Existentialism, for all its mid-century baggage, got something right that neither Anscombe’s Aristotelian revival nor the psychological establishment has adequately addressed: the moral weight falls on the individual’s encounter with meaning, and that encounter cannot be delegated to any science. The search for meaning, the liberatory possibilities of art and narrative, the oppressive structures of modern life under capitalism and bureaucracies, the opportunities and crushed hopes for revolutionary change: these are the conditions under which we actually form our moral lives. Psychology can describe some of these dynamics, but it cannot prescribe our response to them.

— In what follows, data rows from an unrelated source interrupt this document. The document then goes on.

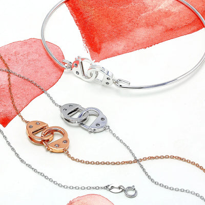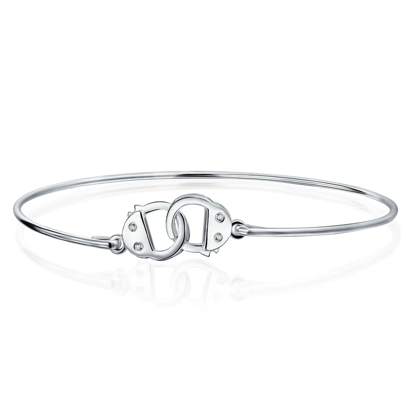 - This daring sterling silver bangle features naughty handcuffs with sparkling CZ stones. Perfect for stacking with other bracelets. Order now!
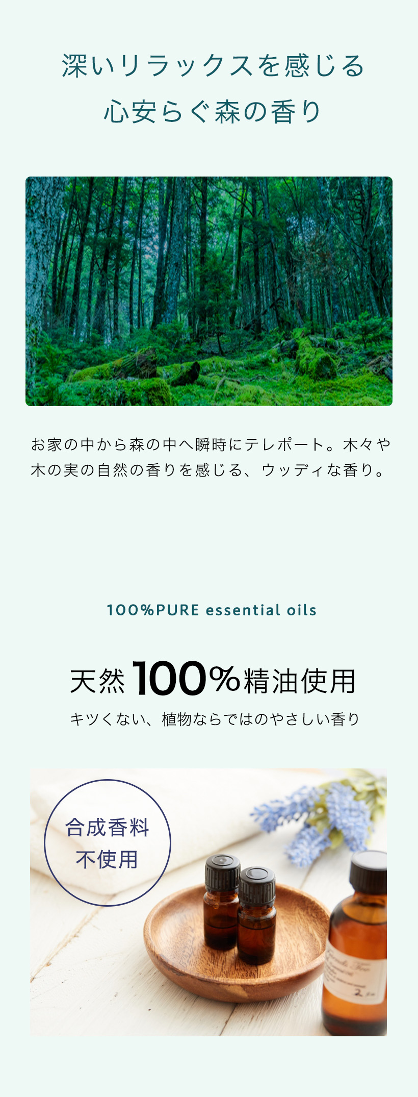 当商品は植物から抽出した天然精油を使用しているため、合成香料の香水やコロンのように長時間持続しません。
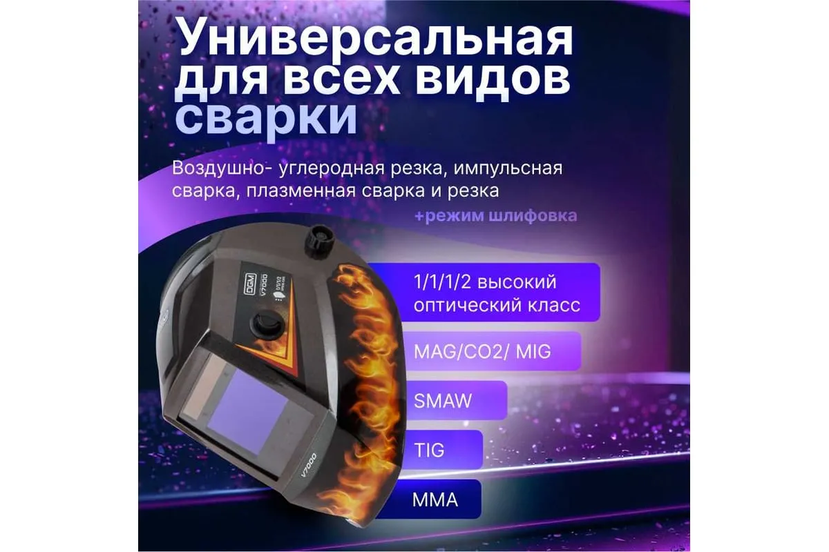 Данная модель профессиональной серии оснащена качественным светофильтром с 4 фотосенсорами, что позволяет проводить сварочные работы даже на небольших токах в режиме TIG. Высокий оптический класс 1/1/1/2. 4 фоточувствительных сенсора. Большая зона обзора 104х63 мм. Плавная регулировка чувствительности. Плавная регулировка времени задержки высветления после сварки. Для всех типов сварки. Оптимальный выбор для сварки TIG даже на малых токах. Режим "Шлифовка". Эластичный ударопрочный пластик. Увеличенная площадь защиты области шеи, ушей, головы. Оголовье с большим количеством настроек позволяет настроить щиток под любого оператора. Сменная батарея CR2450.
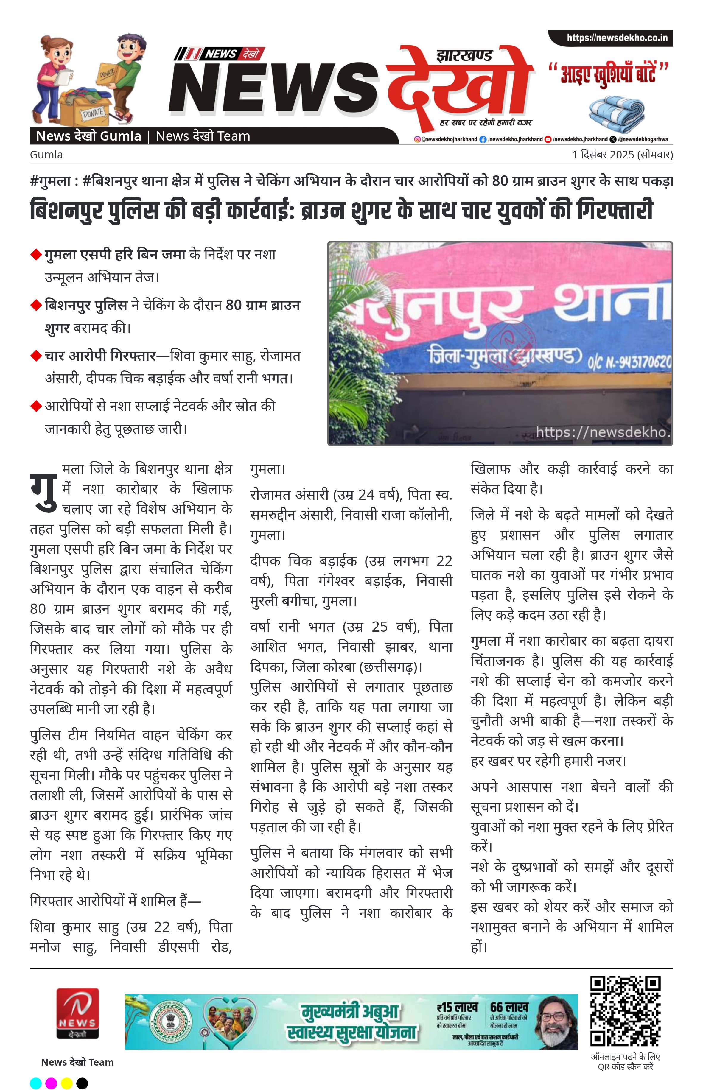 #गुमला : #बिशनपुर थाना क्षेत्र में पुलिस ने चेकिंग अभियान के दौरान चार आरोपियों को 80 ग्राम ब्राउन शुगर के साथ पकड़ा—पूछताछ जारी। गुमला एसपी हरि बिन जमा के निर्देश पर नशा उन्मूलन अभियान तेज। बिशनपुर पुलिस ने चेकिंग के दौरान 80 ग्राम ब्राउन शुगर बरामद की। चार आरोपी गिरफ्तार—शिवा…
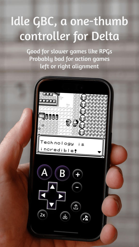 Idle GBC is a custom Delta controller that works really well with slow Game Boy RPGs like Pokémon and the Final Fantasy Legend trilogy.
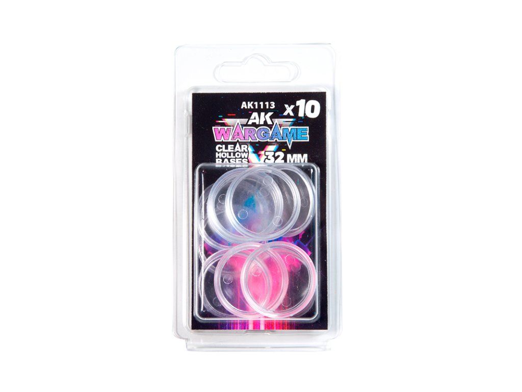 AK Interactive Hollow Bases je sada kulatých plastových podstavců o průměru 32 mm určených pro figurky a miniatury do wargamingu a stolních her. Podstavce mají zkosený okraj a dutý vnitřní prostor, který umožňuje vytvářet realistické scénické efekty – například vodu, lávu, krátery nebo hlubší terénní prvky.

The question I started with was Anscombe’s: can we do moral philosophy without first having an adequate philosophy of psychology? I want to end with a related but different question. Once we have that philosophy of psychology, and we see clearly what it can and cannot do, what then? The existentialists thought we would need to confront freedom, absurdity, and the irreducible responsibility of choosing. The paragons and role models, the stories we tell about who we are and want to become, the communities whose approval we seek: these are not substitutes for moral philosophy. They are its proper subject matter, once we stop pretending that the throne was ever occupied.